The mskh and mskl instructions are used to set the high and low nibbles of the mask value, respectively. Since the mask value is 32 bits, the entire immediate value will not fit in a single instruction, which has exactly 32 bits available for both the control code, register number, and immediate data. Thus, two instructions are required to set the mask for a specific fuzzing register.
VI.Optimizations
One of our main goals was to produce a hardware data fuzzer that would realize high throughput. During the simulation process, several bottlenecks were discovered that would prevent this from happening, and thus required a change from our original design and/or implementation. Two of the more important issues are discussed here.
The first issue we encountered was the setting of the mask value. Our original design specified a parallel mask with a bit-to-bit mapping, which would require a 256-bit mask value. Since the mask is set through immediate values from the instruction memory, this would require a prohibitively large number of instructions to set the mask value 16 bits at a time. Obviously, this was unacceptable. Upon further reflection, it was realized that most data is structured at the byte granularity, meaning that our mask could also be based on the granularity of a byte. Thus, we modified our mask to be a bit-to-byte mapping (as in a bitmap), and the result was a 32-bit mask which could be set using immediate values in at most two instructions.

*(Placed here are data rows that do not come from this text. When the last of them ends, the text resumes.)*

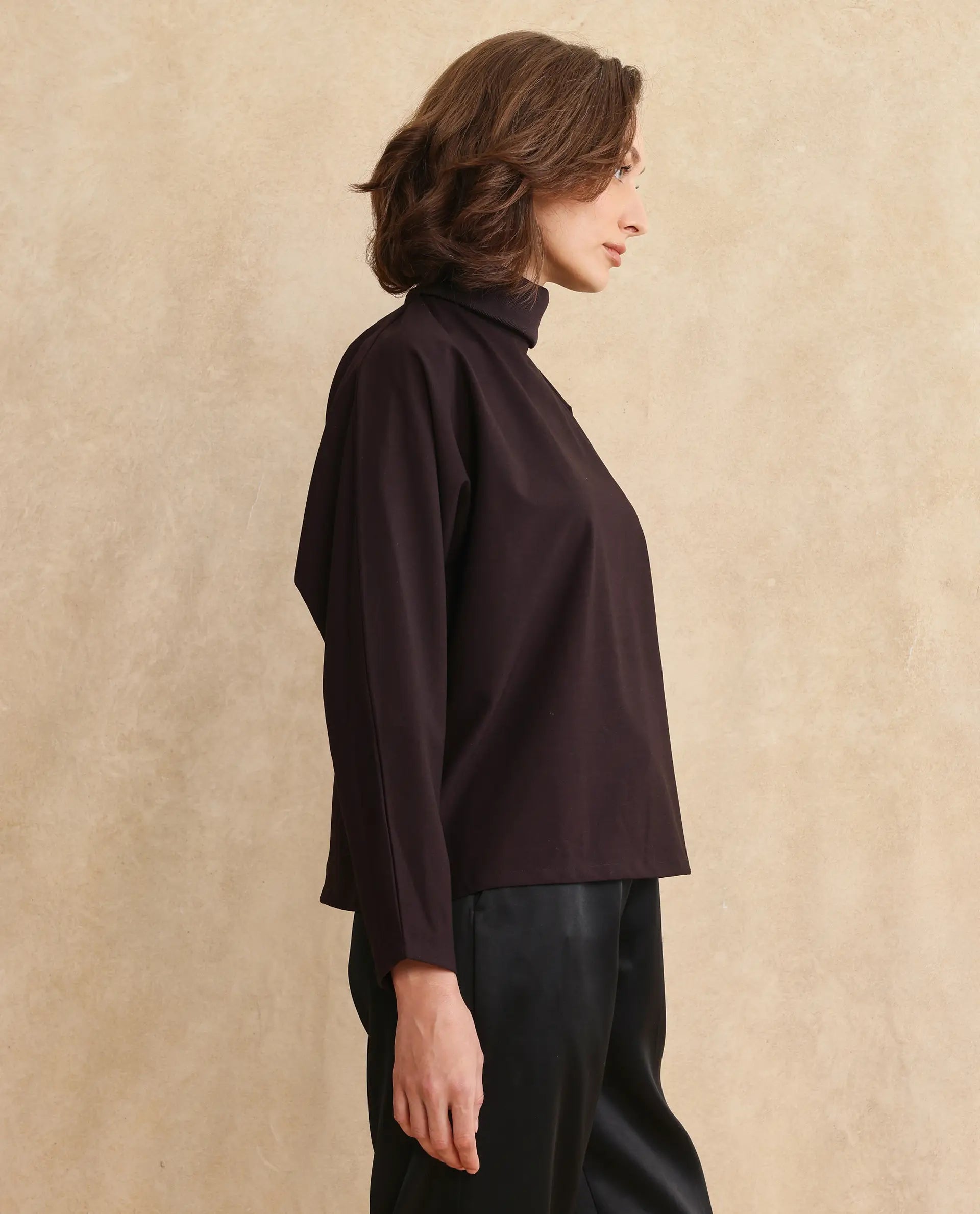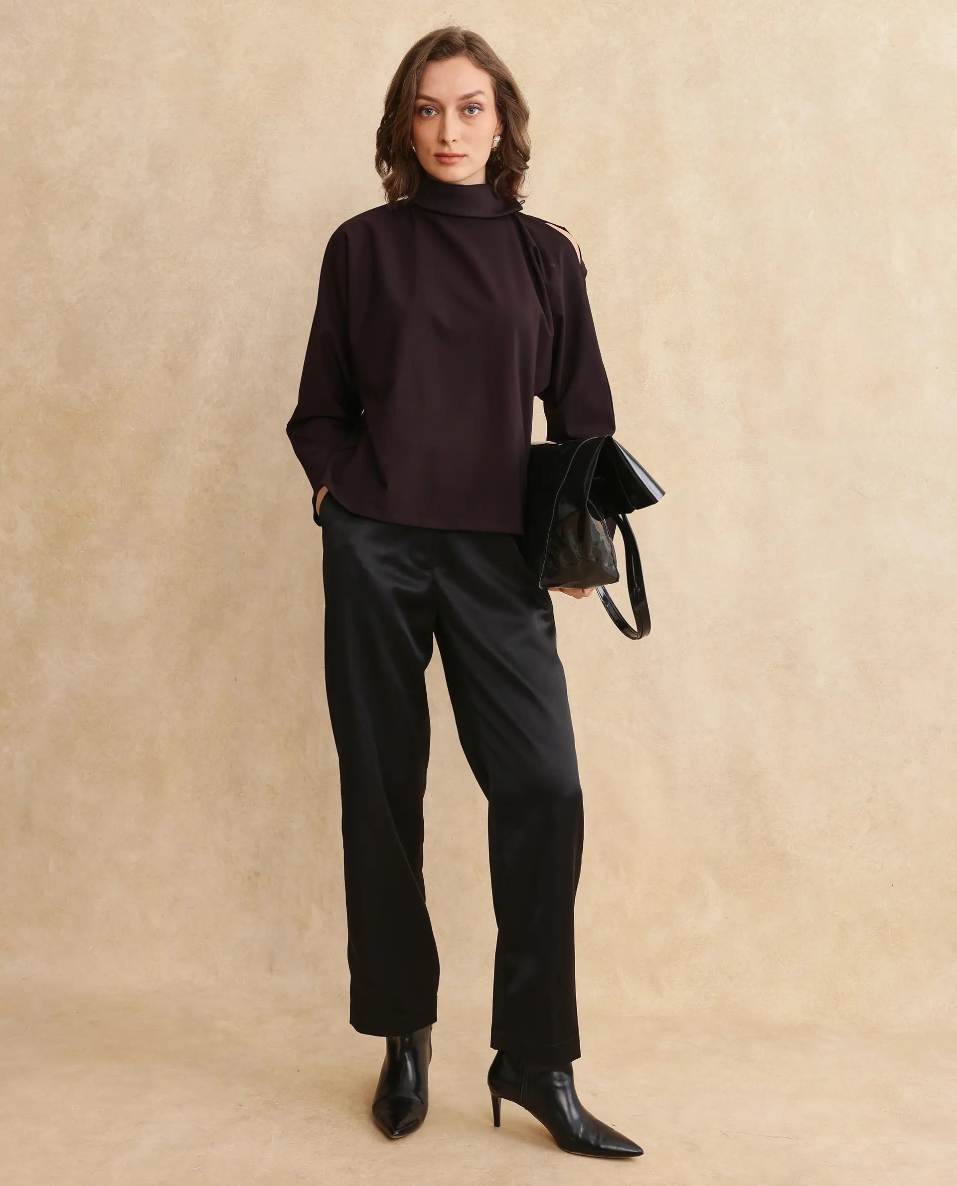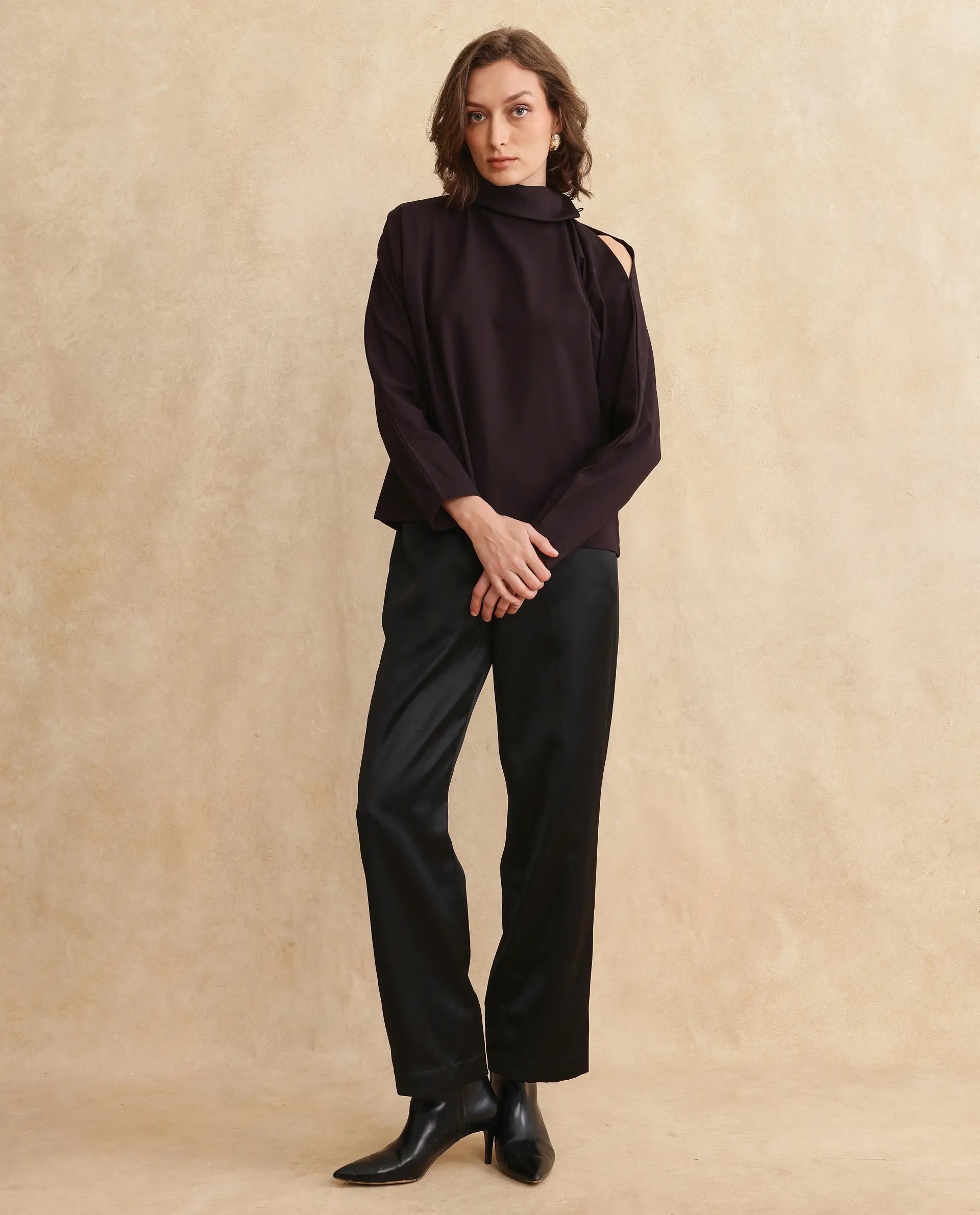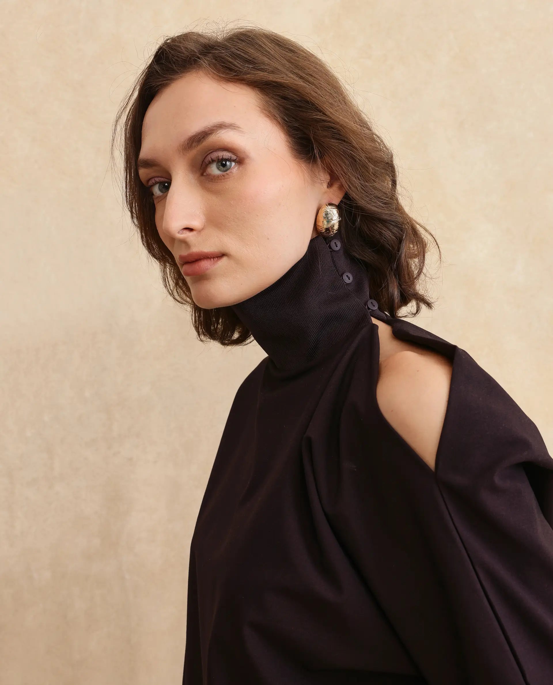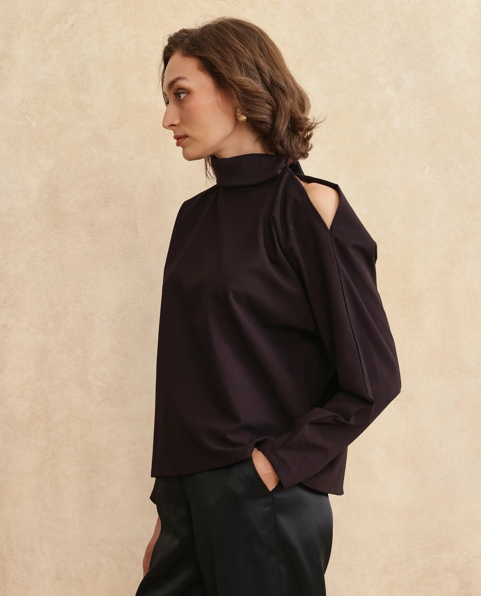 ONE SHOULDER TOP WITH RIBBED HIGH NECK
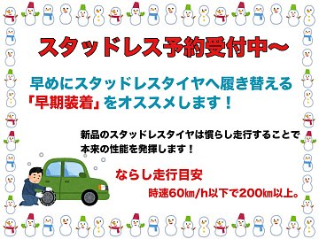 皆さまこんにちは・こんばんは٩(๑❛ᴗ❛๑)۶ いつもタイヤ館本庄店のWEBをご覧いただきありがとうございます。 また、早期装着する事で急な降雪でも慌てず安心・安全! (タイヤの摩耗は5000㎞の走行で約1㎜) 混雑時期を避けて待ち時間も少なくてスムーズに交換完了♫ 便利なWEBもご利用ください٩(๑❛ᴗ❛๑...
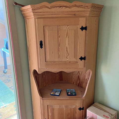 Hjørneskap tre med hylle og skuff

The second issue was the implementation of the random number generator. The random number generator was built using the same methodology as glibc’s rand() function. It performs a multiplication of a seed value with a large number, then adds a constant value. Unfortunately, to generate a 256-
Figure 2. Processor diagram
bit random number requires a very expensive multiply operation, and resulted in maximum combinational gate delays of well over 300ns. This was prohibitively slow, and would require the entire processor to be clocked at a sluggish speed. To combat this, we instead implemented the random number generators as parallel 8-bit RNGs, which combined through two stages to produce the final 256-bit random number. The result was an equally functional RNG, but with a maximum combinational gate delay of 21ns, a marked improvement.
VII.Performance
One of our stated goals was to produce a hardware fuzzing device which would be useful in live network scenarios. The example used was a transparent node that would bridge a standard network link, mangling data as it passed through. For this to be successful, the device must be able to keep up with the native line speed of a network, preferably a high-speed link to make it more applicable.

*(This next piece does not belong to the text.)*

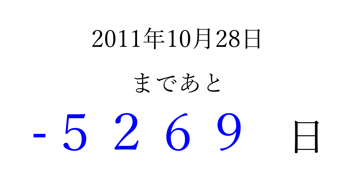 2011年10月28日(金)は もう 0000 日過ぎました 追加すると、トップページからすぐ選べるようになります ※2026/04/01現在の結果です。 最新の状態に更新する ↓シェアして、タイムライン上にカウントダウンを表示しよう!↓ 📤 この結果を共有する Tweet シェア Threads Bluesky 別の日付でカウントダウン 2011年10月のカレンダー このページをブックマークに追加すると、いつでもカウントダウンを確認できます。 (PC: Ctrl+D / Mac: ⌘+D) hitome-notes.comでは以下のページも運営しています。 指定日と期間から日付を計算 | ガチャ確率計算・シミュレーション | プライバシー・ポリシー 運営者:Avocado
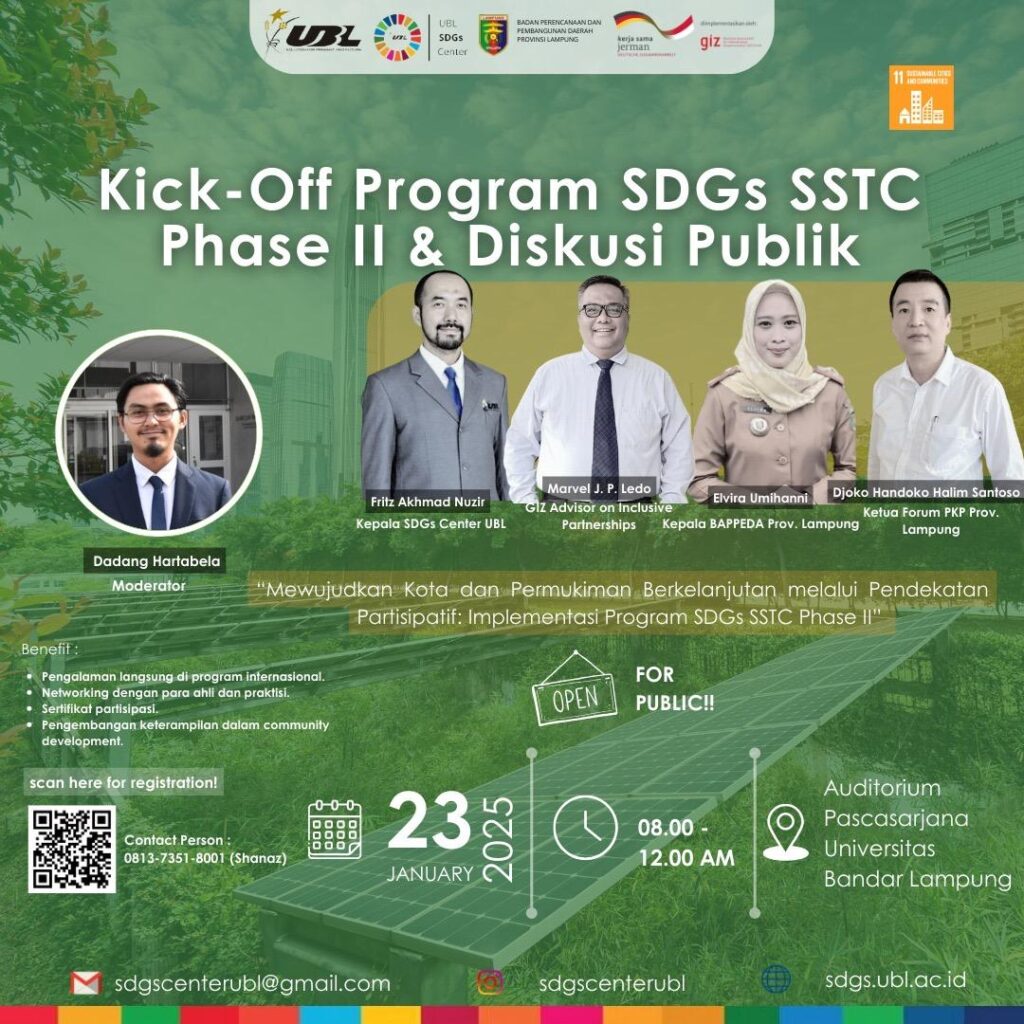 BANYUWULU.COM- Bandar Lampung – Universitas Bandar Lampung (UBL) akan menggelar kegiatan Kick Off Program Suistainable Develpoment Goals (SDGs) SSTC Phase II sekaligus Diskusi Publik. Kegiatan yang berlangsung pada 23 Januari mendatang di Auditorium Pascsarjana UBL, mengangkat tema “Mewujudkan Kota dan Pemukiman Berkelanjutan Melalui Pendekatan Partisipatif: Implementasi Program SDGs SSTC Phase II”.

The maximum gate delay of our entire processor, as mentioned before, lies in the fuzzing ALU at 21ns. Some calculations show this produces a maximum clock speed of 48 MHz. It takes a maximum of five clock cycles to fuzz a single 256-bit word of data (one load, two set-masks, the fuzzing operation, and a store), resulting in a minimum throughput of slightly over 2.5 Gbps. This exceeds the native line speed of an OC-48 fiber optic line, which clocks in at just under 2.5 Gbps.
It is important to realize that this is a lower bound on the processor’s fuzzing rate. Most data will consist of a header, which will be selectively fuzzed using the mask registers, and a data payload which will be completely fuzzed (i.e., all mask register values will have all bits set to 1, and will not be changed). For bulk fuzzing, where the mask is not changed, this removes two clock cycles from the fuzzing process, resulting in a required time of 3 clock cycles to fuzz 256 bits of data. This results in an upper bound of more than 4 Gbps.
VIII.Conclusion
We were able to successfully create a data fuzzing device entirely in hardware, which is able to perform intelligent fuzzing at high speeds.
In addition, the hardware is fairly simple and low-cost (and is only clocked at 48 MHz), which makes it easy to mass-produce and market.